#### PROBLEM
Repeat exactly the lines of the records below, starting at the line containing "In stage I, the" and ending at the line containing "叶英萍书记发表新年致辞,她指". Leave the pictures out.
-- Opening Marker --
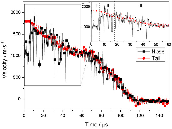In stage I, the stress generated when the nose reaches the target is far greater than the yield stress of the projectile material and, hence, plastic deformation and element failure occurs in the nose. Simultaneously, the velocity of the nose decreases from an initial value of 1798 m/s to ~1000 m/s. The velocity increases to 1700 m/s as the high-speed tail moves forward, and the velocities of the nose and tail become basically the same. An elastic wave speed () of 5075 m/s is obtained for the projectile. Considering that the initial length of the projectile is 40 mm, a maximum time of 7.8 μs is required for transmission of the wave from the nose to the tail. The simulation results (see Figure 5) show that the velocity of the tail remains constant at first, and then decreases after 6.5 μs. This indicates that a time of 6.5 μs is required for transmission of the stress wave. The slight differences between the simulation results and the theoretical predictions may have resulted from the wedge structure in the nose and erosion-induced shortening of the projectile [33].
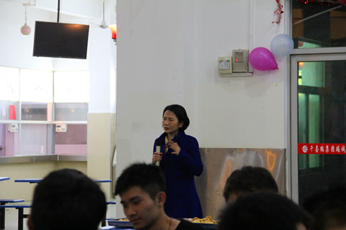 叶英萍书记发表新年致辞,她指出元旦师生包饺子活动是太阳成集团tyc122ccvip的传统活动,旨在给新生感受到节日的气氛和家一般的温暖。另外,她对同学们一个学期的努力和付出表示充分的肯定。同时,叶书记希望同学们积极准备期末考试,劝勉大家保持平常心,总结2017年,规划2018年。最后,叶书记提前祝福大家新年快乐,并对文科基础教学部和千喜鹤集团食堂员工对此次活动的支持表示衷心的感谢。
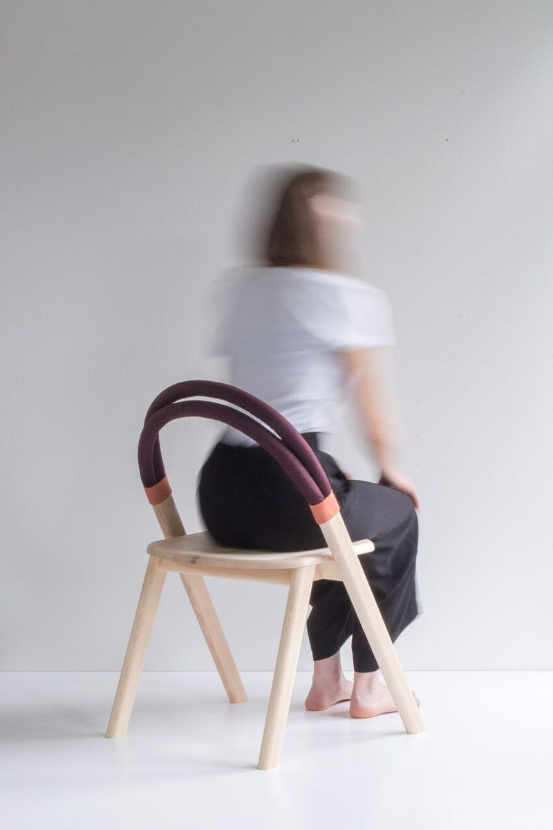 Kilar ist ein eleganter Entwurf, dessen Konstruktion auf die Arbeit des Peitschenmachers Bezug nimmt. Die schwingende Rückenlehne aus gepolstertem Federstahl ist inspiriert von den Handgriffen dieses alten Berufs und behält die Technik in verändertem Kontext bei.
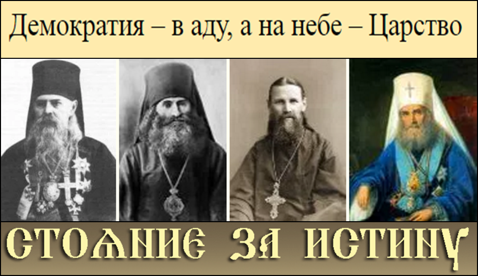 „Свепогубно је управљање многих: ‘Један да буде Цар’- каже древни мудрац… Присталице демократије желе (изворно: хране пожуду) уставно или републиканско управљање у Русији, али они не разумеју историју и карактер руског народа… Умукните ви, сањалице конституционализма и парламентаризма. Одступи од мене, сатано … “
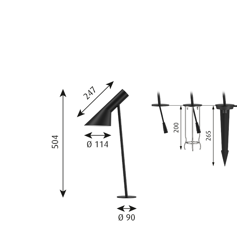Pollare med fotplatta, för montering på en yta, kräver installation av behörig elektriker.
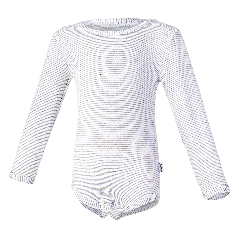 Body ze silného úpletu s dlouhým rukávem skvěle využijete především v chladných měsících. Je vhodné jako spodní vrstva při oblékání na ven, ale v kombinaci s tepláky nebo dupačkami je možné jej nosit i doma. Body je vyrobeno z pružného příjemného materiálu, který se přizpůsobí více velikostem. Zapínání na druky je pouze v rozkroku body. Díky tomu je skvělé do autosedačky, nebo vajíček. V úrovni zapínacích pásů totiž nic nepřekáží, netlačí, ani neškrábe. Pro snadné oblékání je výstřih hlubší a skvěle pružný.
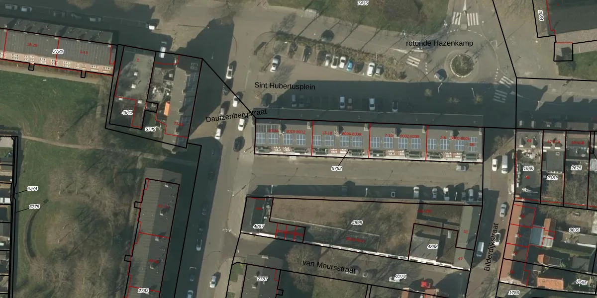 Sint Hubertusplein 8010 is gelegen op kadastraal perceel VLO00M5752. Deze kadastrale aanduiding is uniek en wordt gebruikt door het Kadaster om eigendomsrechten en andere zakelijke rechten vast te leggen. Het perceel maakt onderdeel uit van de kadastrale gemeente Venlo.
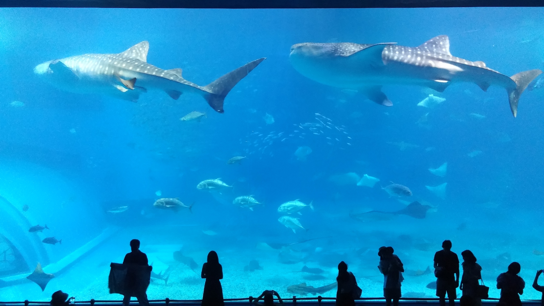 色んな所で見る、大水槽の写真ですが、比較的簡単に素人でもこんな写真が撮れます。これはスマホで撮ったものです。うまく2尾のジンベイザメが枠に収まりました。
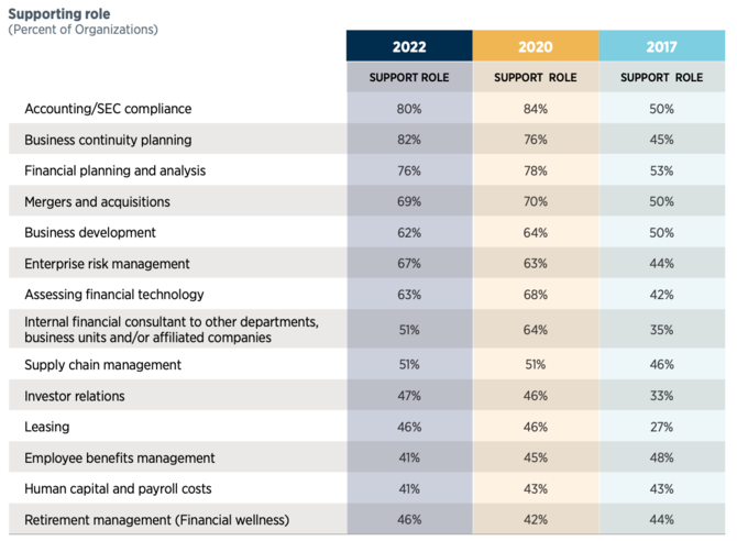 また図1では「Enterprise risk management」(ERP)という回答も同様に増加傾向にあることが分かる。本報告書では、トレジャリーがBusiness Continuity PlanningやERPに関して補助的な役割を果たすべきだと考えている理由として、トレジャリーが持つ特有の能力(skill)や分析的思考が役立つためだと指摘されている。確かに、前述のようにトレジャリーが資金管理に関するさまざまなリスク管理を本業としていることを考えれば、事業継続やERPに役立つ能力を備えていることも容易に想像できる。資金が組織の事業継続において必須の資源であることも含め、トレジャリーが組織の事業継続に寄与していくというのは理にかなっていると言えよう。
-- Closing Marker --
-- Opening Marker --
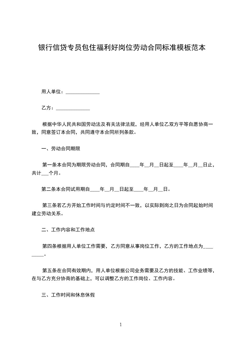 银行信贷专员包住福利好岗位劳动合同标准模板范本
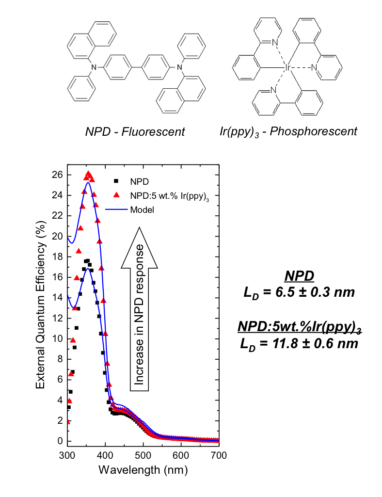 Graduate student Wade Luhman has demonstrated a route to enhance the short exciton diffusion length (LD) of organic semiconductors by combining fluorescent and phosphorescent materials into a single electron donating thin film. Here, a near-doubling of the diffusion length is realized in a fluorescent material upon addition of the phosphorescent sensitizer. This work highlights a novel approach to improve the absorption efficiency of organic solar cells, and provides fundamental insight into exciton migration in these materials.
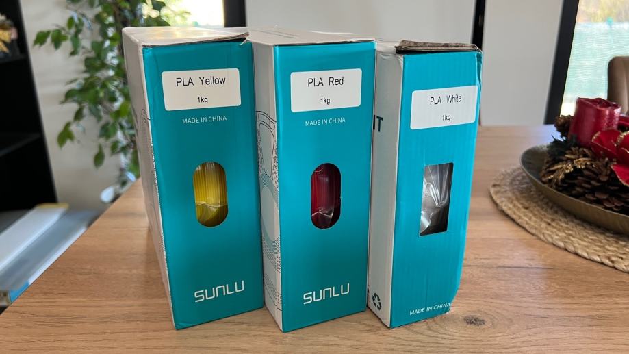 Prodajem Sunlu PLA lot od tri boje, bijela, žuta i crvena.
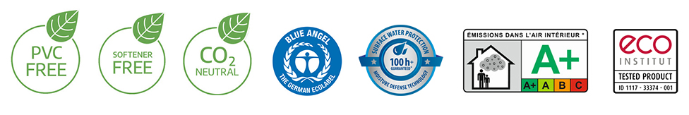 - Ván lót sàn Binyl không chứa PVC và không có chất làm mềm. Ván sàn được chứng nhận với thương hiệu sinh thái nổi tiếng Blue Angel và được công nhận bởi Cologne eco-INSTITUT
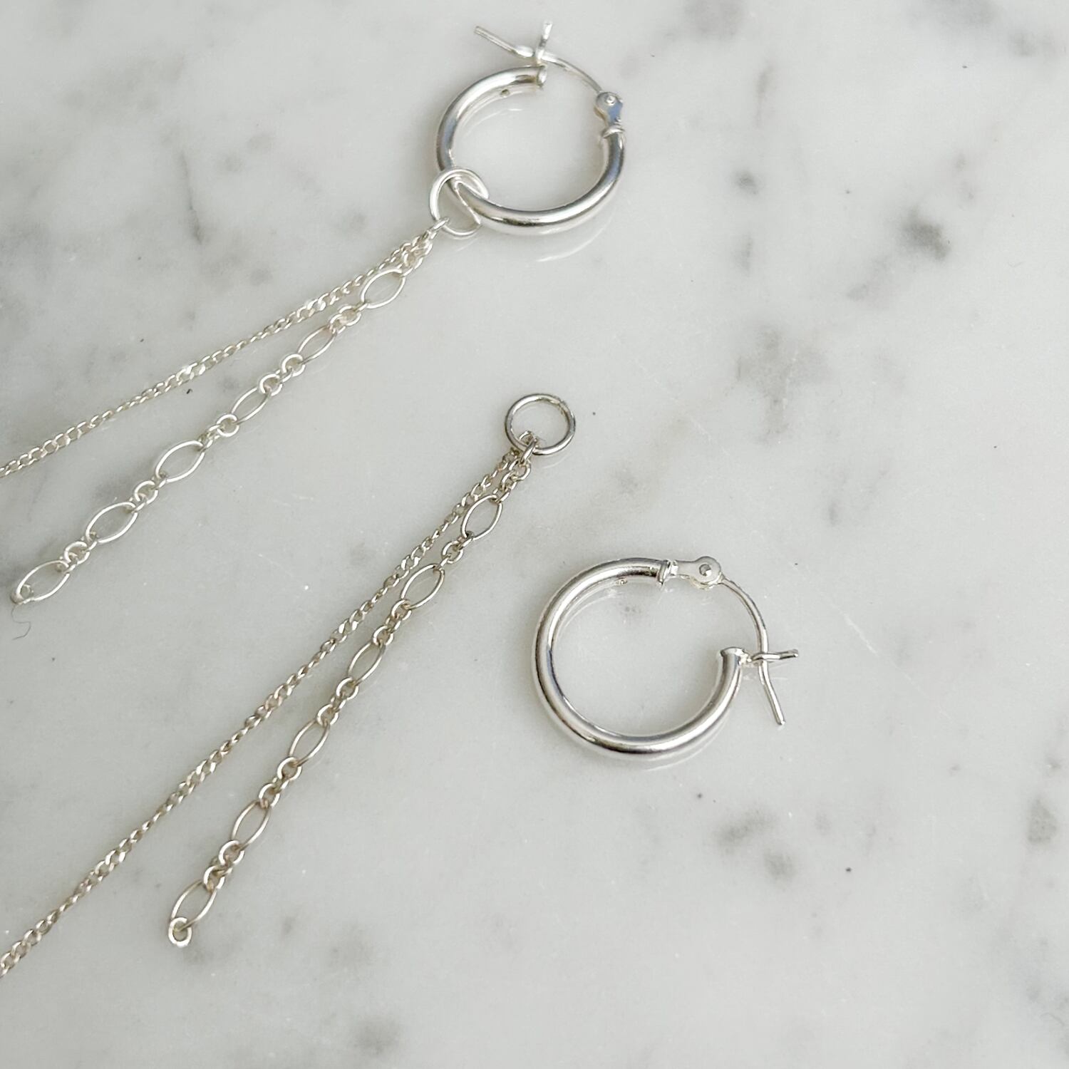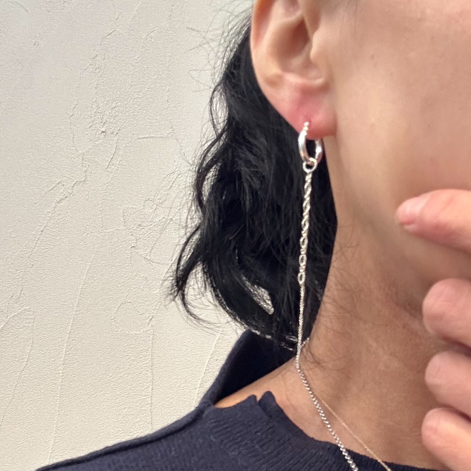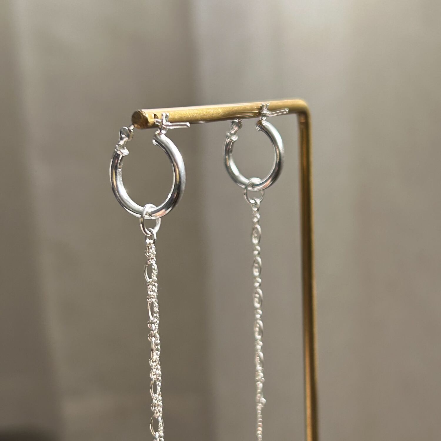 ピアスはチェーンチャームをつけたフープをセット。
-- Closing Marker --
#### SOLUTION TO THE EXERCISE
In stage I, the stress generated when the nose reaches the target is far greater than the yield stress of the projectile material and, hence, plastic deformation and element failure occurs in the nose. Simultaneously, the velocity of the nose decreases from an initial value of 1798 m/s to ~1000 m/s. The velocity increases to 1700 m/s as the high-speed tail moves forward, and the velocities of the nose and tail become basically the same. An elastic wave speed () of 5075 m/s is obtained for the projectile. Considering that the initial length of the projectile is 40 mm, a maximum time of 7.8 μs is required for transmission of the wave from the nose to the tail. The simulation results (see Figure 5) show that the velocity of the tail remains constant at first, and then decreases after 6.5 μs. This indicates that a time of 6.5 μs is required for transmission of the stress wave. The slight differences between the simulation results and the theoretical predictions may have resulted from the wedge structure in the nose and erosion-induced shortening of the projectile [33].
 叶英萍书记发表新年致辞,她指出元旦师生包饺子活动是太阳成集团tyc122ccvip的传统活动,旨在给新生感受到节日的气氛和家一般的温暖。另外,她对同学们一个学期的努力和付出表示充分的肯定。同时,叶书记希望同学们积极准备期末考试,劝勉大家保持平常心,总结2017年,规划2018年。最后,叶书记提前祝福大家新年快乐,并对文科基础教学部和千喜鹤集团食堂员工对此次活动的支持表示衷心的感谢。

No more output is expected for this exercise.